INFORMATION =

+ + + + + + +

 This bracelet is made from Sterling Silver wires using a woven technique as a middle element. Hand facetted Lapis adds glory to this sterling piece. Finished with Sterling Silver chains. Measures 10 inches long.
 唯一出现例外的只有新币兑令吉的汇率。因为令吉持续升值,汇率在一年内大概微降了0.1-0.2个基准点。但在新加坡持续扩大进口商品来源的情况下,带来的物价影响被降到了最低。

+ + + + + + +

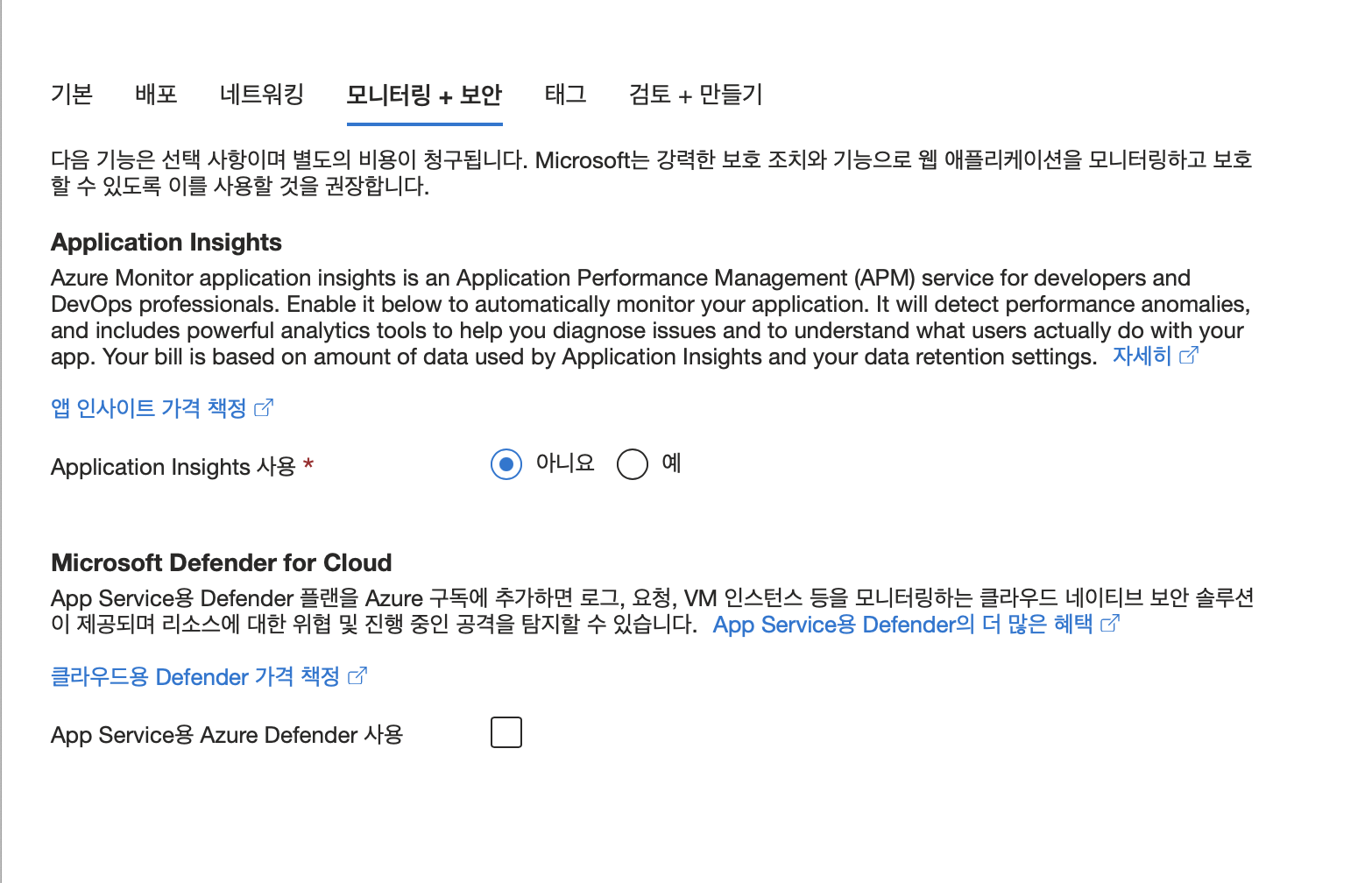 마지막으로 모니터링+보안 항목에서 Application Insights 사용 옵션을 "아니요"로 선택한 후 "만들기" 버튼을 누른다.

+ + + + + + +

EXERCISE PROMPT =
Lines to set down from above: the line with "This bracelet is", the line with "唯一出现例外的只有新币兑令吉", and every line between, each exactly as written.

RESPONSE FOR THIS EXERCISE =
 This bracelet is made from Sterling Silver wires using a woven technique as a middle element. Hand facetted Lapis adds glory to this sterling piece. Finished with Sterling Silver chains. Measures 10 inches long.
 唯一出现例外的只有新币兑令吉的汇率。因为令吉持续升值,汇率在一年内大概微降了0.1-0.2个基准点。但在新加坡持续扩大进口商品来源的情况下,带来的物价影响被降到了最低。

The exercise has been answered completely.